MIT Flow Matching Course Inspires Study Group: The Diffusion Models Study Group is inspired by MIT’s Flow Matching and Diffusion Models course notes.
- Classmates will include a CTO of an AI film startup, LLM educators, and full‑time AI researchers to learn how to train & fine-tune your own diffusion model.

MLOps @Chipro ▷ #general-ml (1 messages):

AI API Integration Platform, Model Aggregation, Developer Discounts

Siray AI Platform Aggregates Models: An AI API integration platform was built that brings together a wide range of models, including Codex, Claude, Gemini, GLM, Seedream, Seedance, Sora, and more.
- Developers can visit the platform at Siray.ai.
Siray AI Offers Developer Discount: The AI API platform is offering a 20% discount for developers.
- Interested developers are invited to try out these API services.
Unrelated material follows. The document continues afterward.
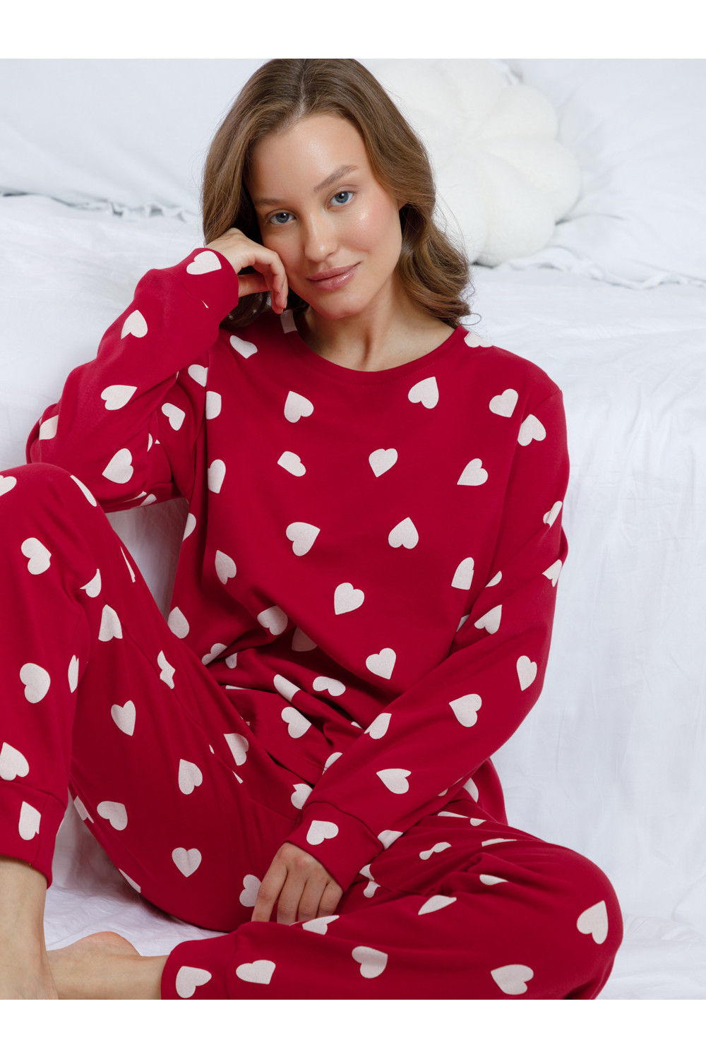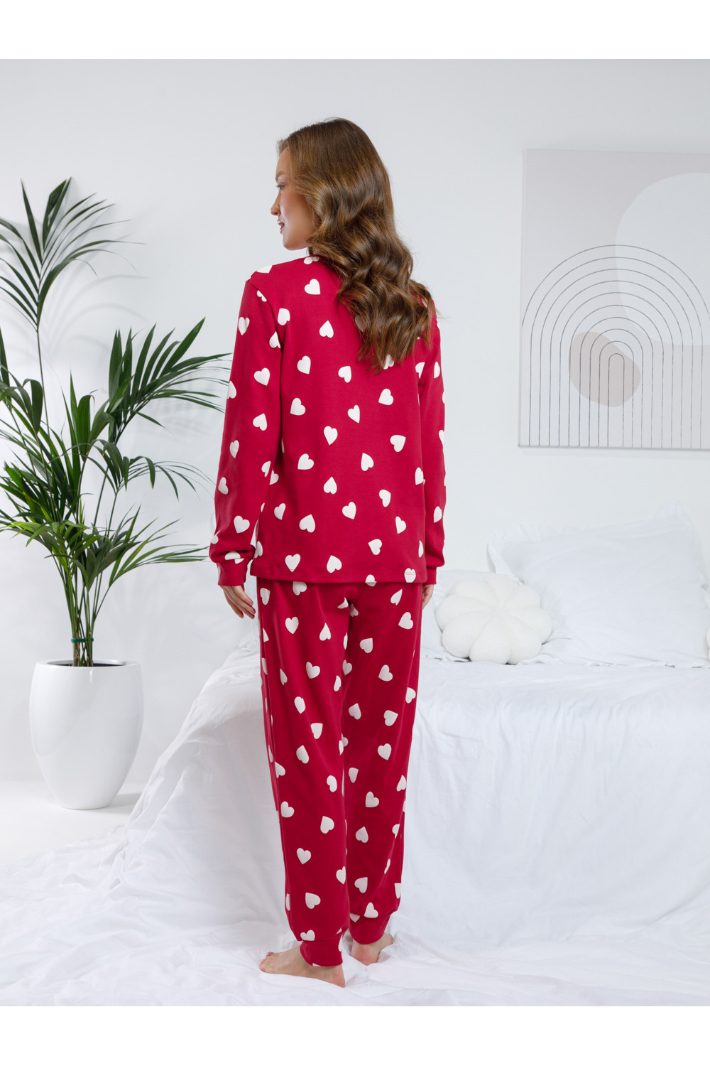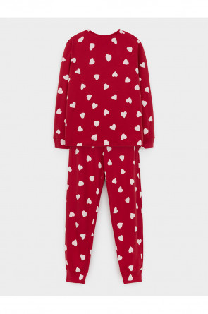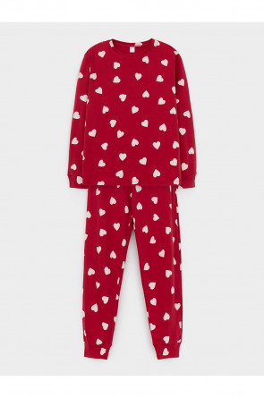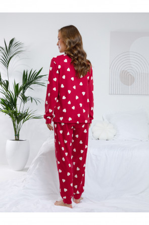 Комплект для комфортного сна и отдыха из трикотажного полотна с набивным рисунком. Джемпер с длинными втачными рукавами и брюки с мягкой эластичной резинкой в поясе, которые удобно садятся по фигуре. Гладкий материал приятен к телу, не теряет форму и позволяет коже дышать. На рукавах и по низу брюк мягкие манжеты.

Windsurf ▷ #announcements (2 messages):

Windsurf 1.12.41 Release, Windsurf 1.12.160 Release, Windsurf MCP Management UI, Windsurf GitHub/GitLab MCP Fixes, Windsurf Diff Zones Improvements

Windsurf Waves with Stability and Speed: Windsurf released versions 1.12.41 and 1.12.160, promising significant improvements in stability, performance, and bug fixes.
- The update includes a new UI for managing MCPs, fixes for GitHub/GitLab MCPs, and enhancements to diff zones, Tab (Supercomplete), and Hooks as detailed in the changelog.
Windsurf Next: A Sneak Peek at Tomorrow's Tides: Users are encouraged to explore Windsurf Next, the pre-release version, to experience exciting new features like Lifeguard, Worktrees, and Arena Mode.
- More details can be found at the Windsurf Next changelog.
Windsurf Login Back in Action: Windsurf login services have been restored following a brief maintenance window, confirmed by a status update.
- No further details regarding the maintenance were provided.